- **ACTIVITY**
Without copying any picture, return all lines below exactly.

(GIVEN MATERIAL begins)

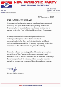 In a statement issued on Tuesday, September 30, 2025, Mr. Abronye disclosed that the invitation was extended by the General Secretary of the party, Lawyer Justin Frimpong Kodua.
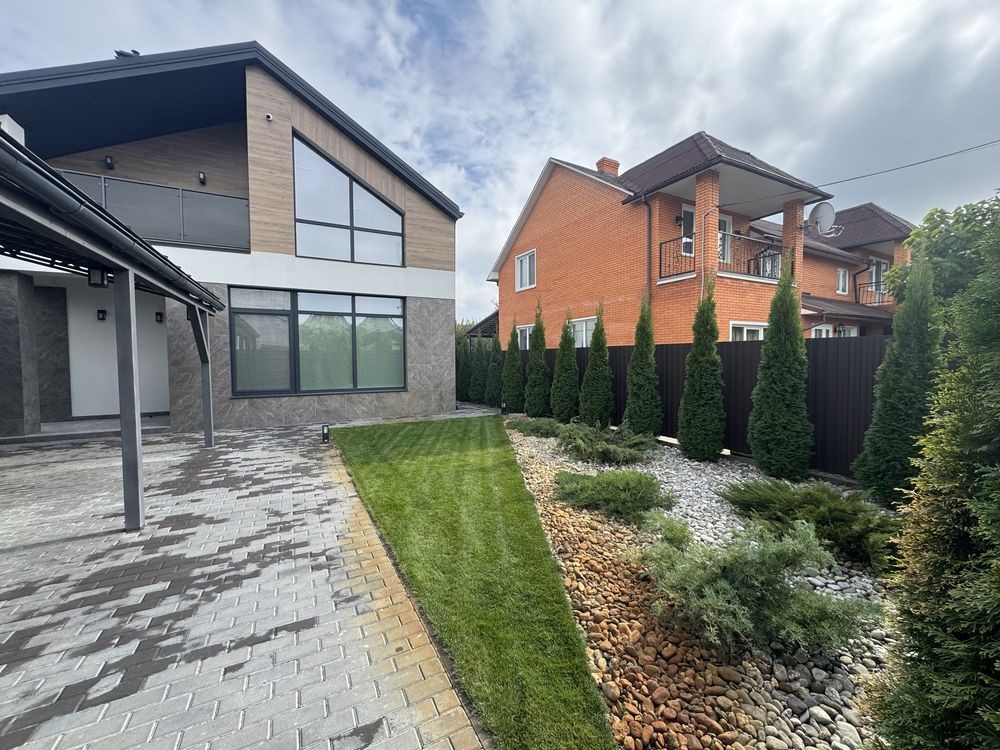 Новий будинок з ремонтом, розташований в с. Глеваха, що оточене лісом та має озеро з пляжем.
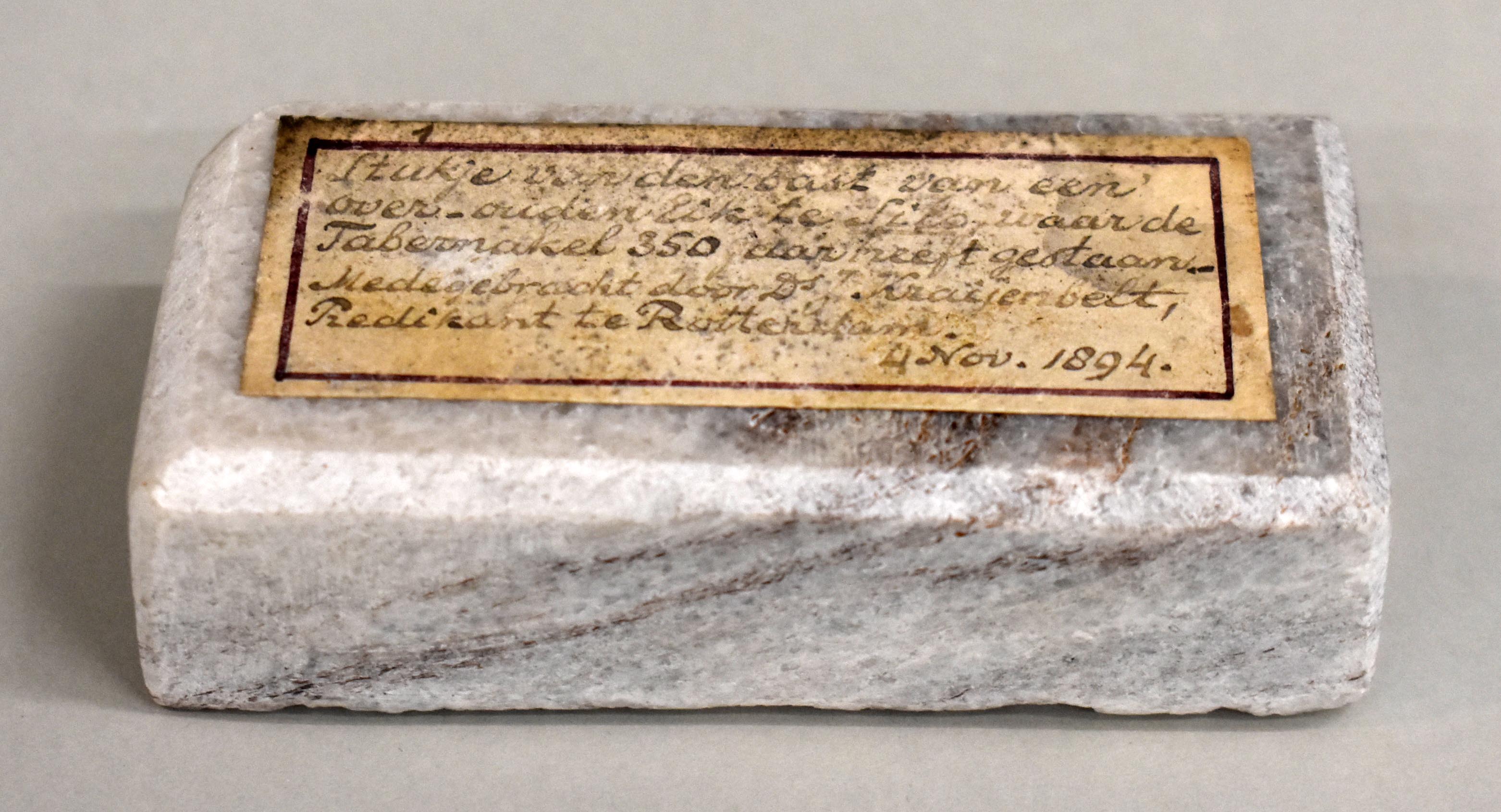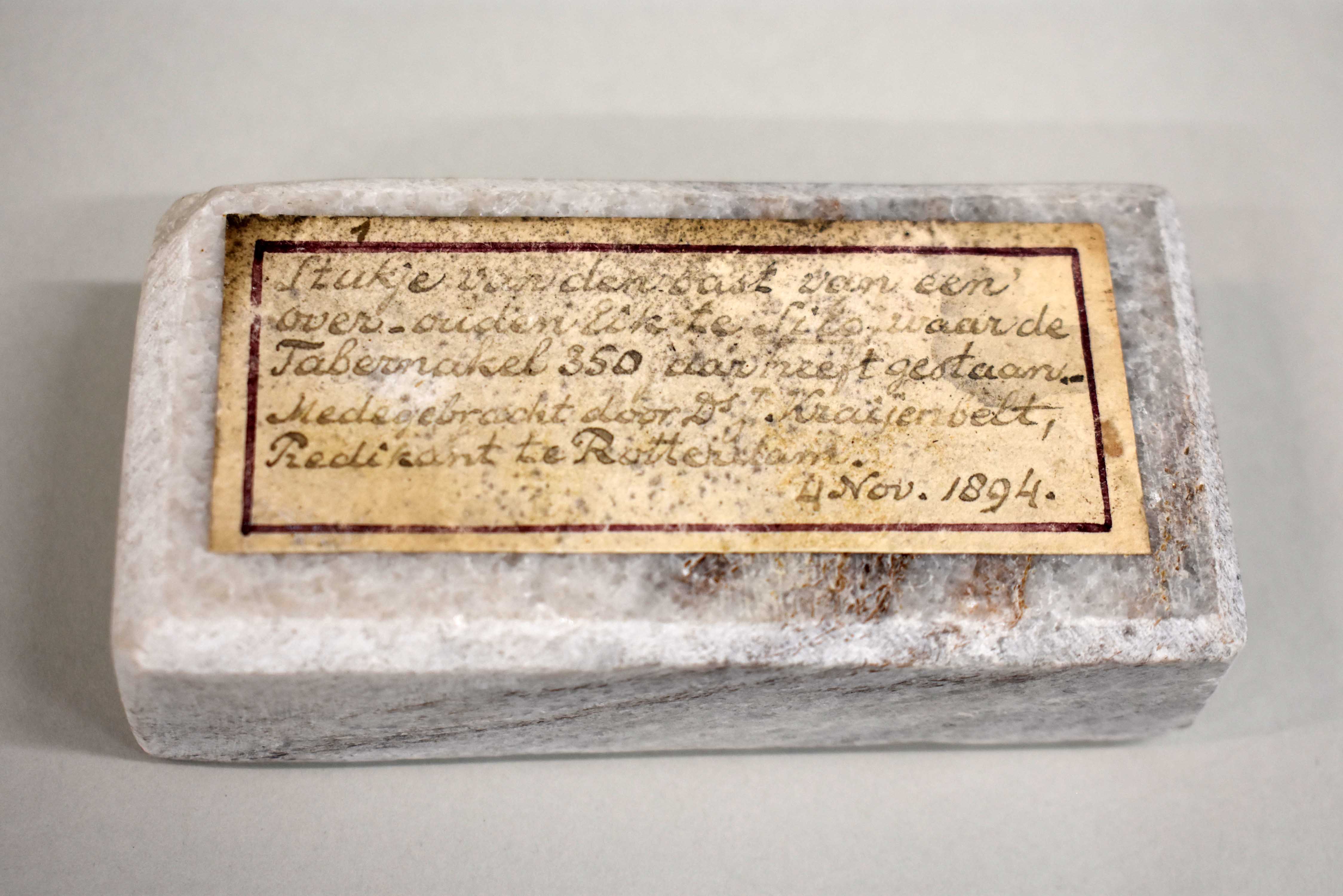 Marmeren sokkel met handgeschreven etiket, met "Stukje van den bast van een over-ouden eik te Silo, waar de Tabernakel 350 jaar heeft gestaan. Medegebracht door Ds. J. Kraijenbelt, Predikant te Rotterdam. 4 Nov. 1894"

(GIVEN MATERIAL ends)

- **RESULT FOR THIS TASK**
 In a statement issued on Tuesday, September 30, 2025, Mr. Abronye disclosed that the invitation was extended by the General Secretary of the party, Lawyer Justin Frimpong Kodua.
 Новий будинок з ремонтом, розташований в с. Глеваха, що оточене лісом та має озеро з пляжем.
 Marmeren sokkel met handgeschreven etiket, met "Stukje van den bast van een over-ouden eik te Silo, waar de Tabernakel 350 jaar heeft gestaan. Medegebracht door Ds. J. Kraijenbelt, Predikant te Rotterdam. 4 Nov. 1894"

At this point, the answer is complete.